3.4 Any fixed price and daily rate contained in Schedule 2 excludes VAT/GST, which the Designer shall add to its invoices at the appropriate rate.
3.5 The Customer shall pay each invoice which is properly due and submitted to it by the Designer, within [NUMBER] days of receipt, to a bank account nominated in writing by the Designer.
3.6 If the Customer fails to pay any amount payable by it under this agreement, the Designer may charge the Customer interest on the overdue amount from the due date up to the date of actual payment, after as well as before judgment, at the rate of [PERCENTAGE]% per annum compounded quarterly.
3.7 Invoices covering payment in respect of materials purchased by, or services provided to, the Designer, or for reimbursement of expenses, shall be payable by the Customer only previously approved by the Customer and if accompanied by relevant receipts.
3.8 The Designer shall maintain complete and accurate records of the time spent and materials used by the Designer in providing the Services in such form as the Customer shall approve. The Designer shall allow the Customer to inspect such records at all reasonable times on request.
3.9 Each party may, without limiting any other rights or remedies it may have, set off any amounts owed to it by the other party against any amounts payable by it to the other party.
4. Quality of Services
4.1 The Designer warrants to the Customer that:
- the Designer will perform the Services with reasonable care and skill and in accordance with generally recognized commercial practices and standards in the industry for similar services;
- the Services will conform with all descriptions and specifications provided to the Customer by the Designer, as set out in Schedule 1; and
- the Services and Deliverables will be provided in accordance with all applicable legislation from time to time in force, and the Designer will inform the Customer as soon as it becomes aware of any changes in that legislation.
4.2 The provisions of this clause 4 shall survive any performance, acceptance or payment pursuant to this agreement and shall extend to any substituted or remedial services provided by the Designer.
5.1 Intellectual Property Rights shall mean all intellectual property rights wherever in the world arising, whether registered or unregistered (and including any application), including copyright, know-how, confidential information, trade secrets, business names and domain names, trade marks, service marks, trade names, patents, petty patents, utility models, design rights, semi-conductor topography rights, database rights and all rights in the nature of unfair competition rights or rights to sue for passing off, all subsisting in the Deliverables.
[PLEASE CHOOSE LICENSE/ASSIGNMENT OPTION]

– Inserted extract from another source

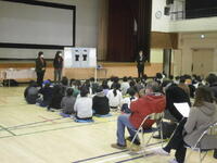 6年生が入学を前に八中を訪問しました。体育館で生徒会の方から学校紹介の説明や部活動紹介のビデオを見た後、校舎内を案内していただきました。希望に満ちた中学生活をスタートしましょう!

5.2 All Intellectual Property Rights in the Deliverables arising in connection with this agreement shall be the property of the Customer, and the Designer hereby irrevocably assigns all such Intellectual Property Rights to the Customer, subject to payment of all the Designer’s charges as per clause 3. The parties shall execute all documents necessary to give effect to this clause.
The Designer hereby licenses all such Intellectual Property Rights to the Customer subject to payment of all the Designer’s charges as per clause 3:
- On an [EXCLUSIVE/NON EXCLUSIVE] basis
- With [LIMITED/FULL] [USAGE/MODIFICATION] rights
- For [COMMERCIAL/NON COMMERCIAL] use
- [WITH/WITHOUT] the option to sublicense
- While [WAIVING/RETAINING] moral rights of attribution and integrity of the Deliverables
6. Acceptance of Deliverables
6.1 If Deliverables are to be directly dispatched to a third party for printing by the Designer, the Customer shall have the right to approve these Deliverables before they are so dispatched.
If such approval is not secured by the Designer, the Customer shall not be obligated to pay the Designer’s charges as per clause 3.